#### Task data
--- START ---

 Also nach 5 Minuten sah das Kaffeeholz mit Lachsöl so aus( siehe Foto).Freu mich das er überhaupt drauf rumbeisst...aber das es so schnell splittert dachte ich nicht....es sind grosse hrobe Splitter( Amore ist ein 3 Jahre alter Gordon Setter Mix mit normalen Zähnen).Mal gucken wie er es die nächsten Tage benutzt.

--- END ---
--- START ---

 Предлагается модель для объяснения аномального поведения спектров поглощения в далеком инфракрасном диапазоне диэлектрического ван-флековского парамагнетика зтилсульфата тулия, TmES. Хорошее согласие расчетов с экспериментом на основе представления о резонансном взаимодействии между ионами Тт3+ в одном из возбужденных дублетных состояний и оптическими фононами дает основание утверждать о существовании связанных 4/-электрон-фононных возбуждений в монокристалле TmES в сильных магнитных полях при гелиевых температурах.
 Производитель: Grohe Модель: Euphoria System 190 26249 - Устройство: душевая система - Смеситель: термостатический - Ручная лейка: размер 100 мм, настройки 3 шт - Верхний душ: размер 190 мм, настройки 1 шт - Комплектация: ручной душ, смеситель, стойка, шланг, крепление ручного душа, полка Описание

--- END ---
--- START ---

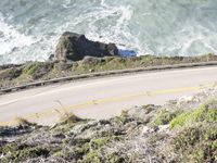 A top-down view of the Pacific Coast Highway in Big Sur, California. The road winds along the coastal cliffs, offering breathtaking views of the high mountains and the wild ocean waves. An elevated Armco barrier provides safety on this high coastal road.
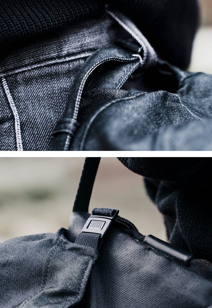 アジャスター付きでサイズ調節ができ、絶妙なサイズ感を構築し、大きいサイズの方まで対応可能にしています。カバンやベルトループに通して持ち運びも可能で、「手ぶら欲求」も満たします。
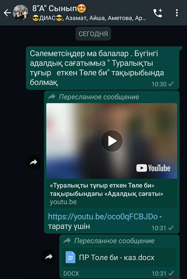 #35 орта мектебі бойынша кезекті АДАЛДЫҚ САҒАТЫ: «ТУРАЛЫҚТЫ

--- END ---

#### Task goal
Go down the entries above from the line containing "A top-down view" to the line containing "#35 орта мектебі" and write out each line exactly, leaving pictures out.

#### Exercise answer
 A top-down view of the Pacific Coast Highway in Big Sur, California. The road winds along the coastal cliffs, offering breathtaking views of the high mountains and the wild ocean waves. An elevated Armco barrier provides safety on this high coastal road.
 アジャスター付きでサイズ調節ができ、絶妙なサイズ感を構築し、大きいサイズの方まで対応可能にしています。カバンやベルトループに通して持ち運びも可能で、「手ぶら欲求」も満たします。
 #35 орта мектебі бойынша кезекті АДАЛДЫҚ САҒАТЫ: «ТУРАЛЫҚТЫ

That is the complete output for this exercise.